Stored data:
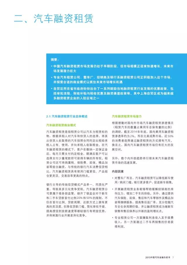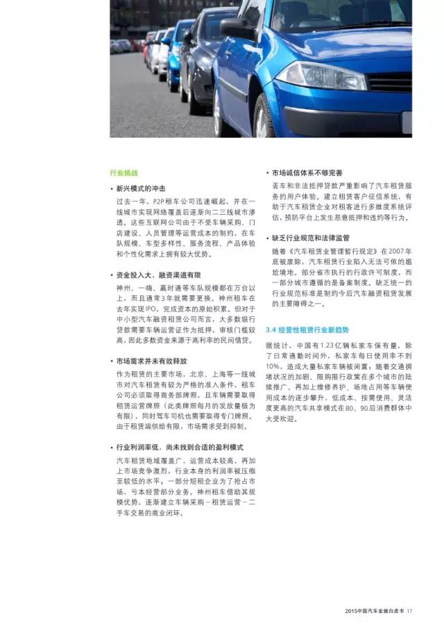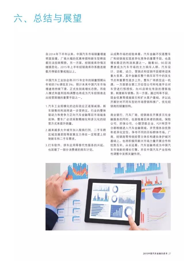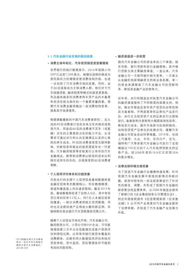 《2015中国汽车金融白皮书》深入地研究汽车金融服务行业的创新,探索几大主要新兴模式在中国的发展,近距离观察汽车金融行业的主要参与者及商业
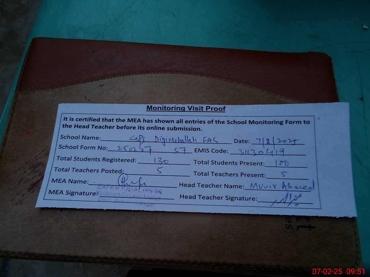 | EMIS Code: 31130419 | Name of School: GPS DIGI MOHALAH FORT ABBAS | |||
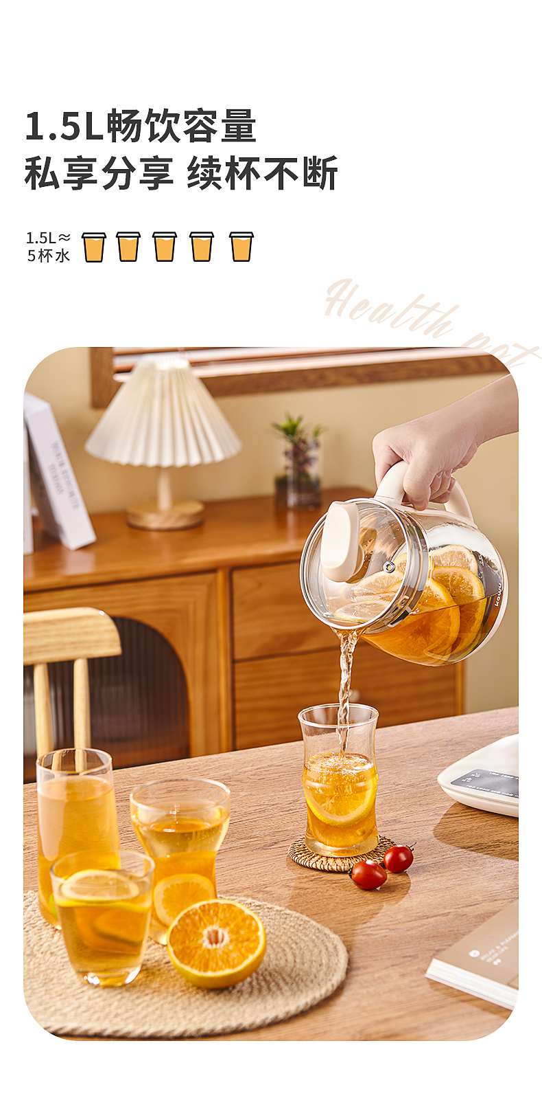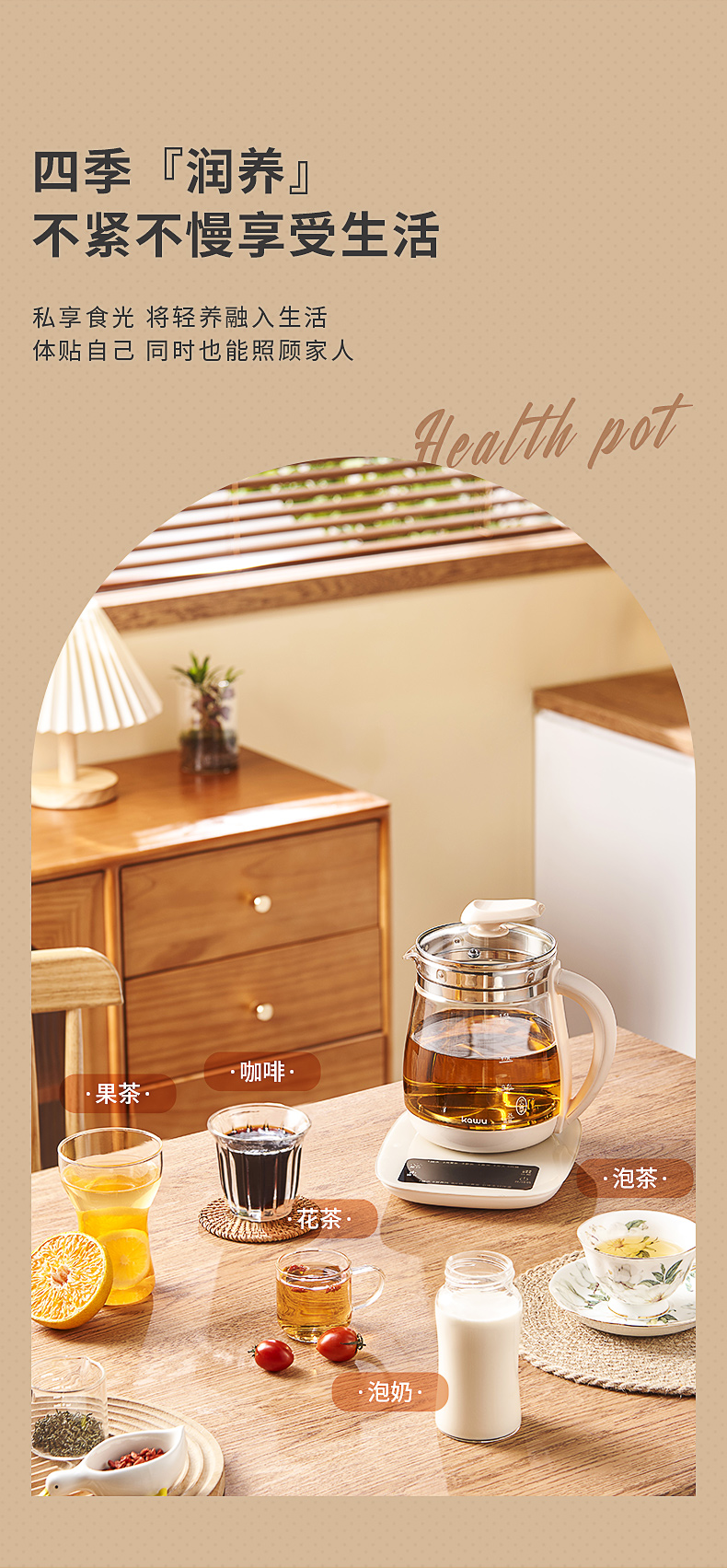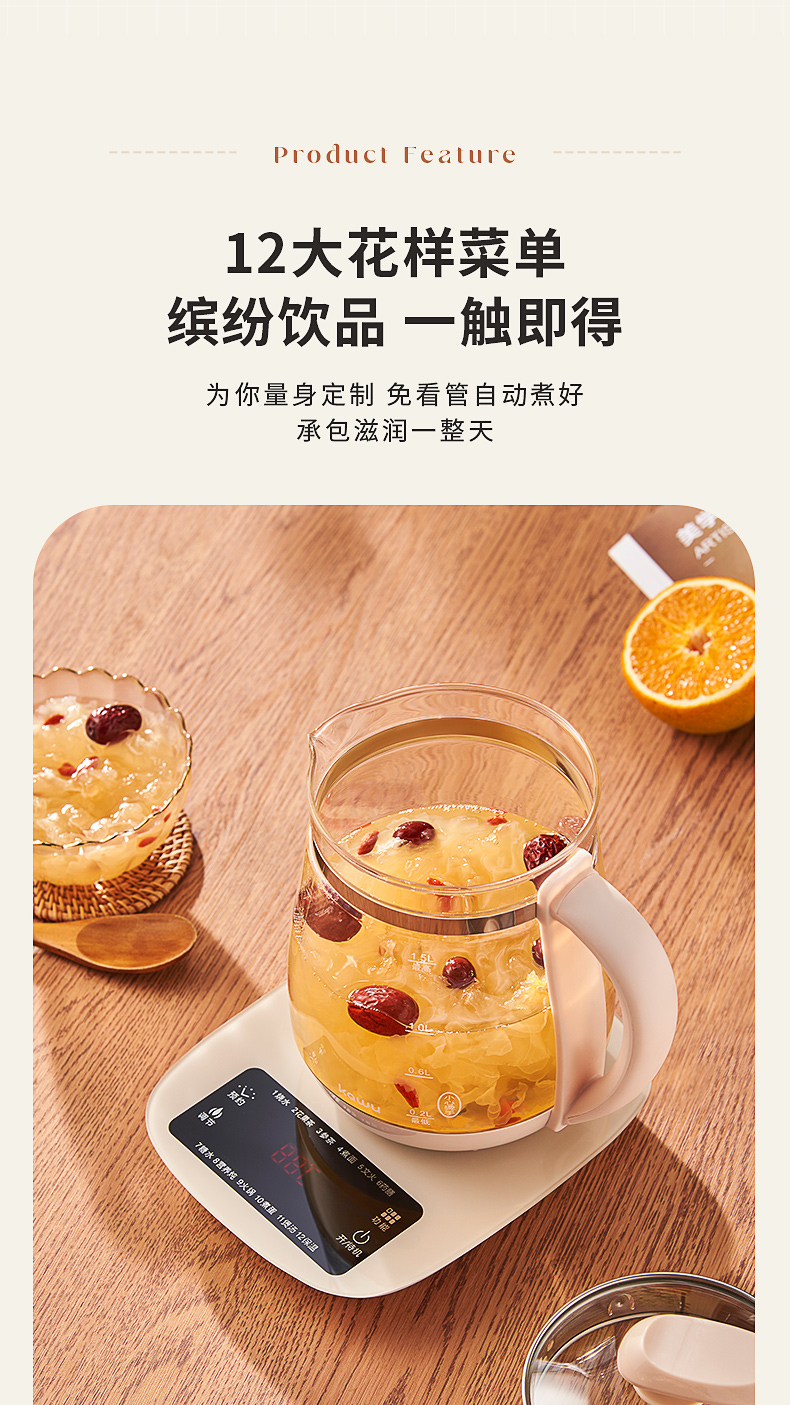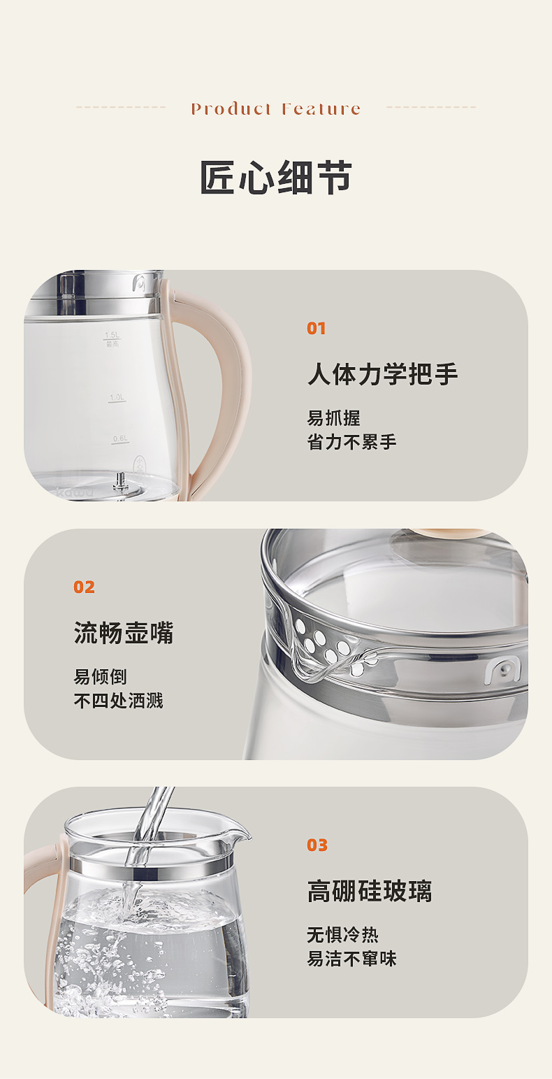 卡屋kawu 养生壶智能煮茶壶电热水器1.5L CD-E515(单位:台) 象牙色

Required action: Leaving every picture out, output the data exactly as it stands.

Your response:
 《2015中国汽车金融白皮书》深入地研究汽车金融服务行业的创新,探索几大主要新兴模式在中国的发展,近距离观察汽车金融行业的主要参与者及商业
 | EMIS Code: 31130419 | Name of School: GPS DIGI MOHALAH FORT ABBAS | |||
 卡屋kawu 养生壶智能煮茶壶电热水器1.5L CD-E515(单位:台) 象牙色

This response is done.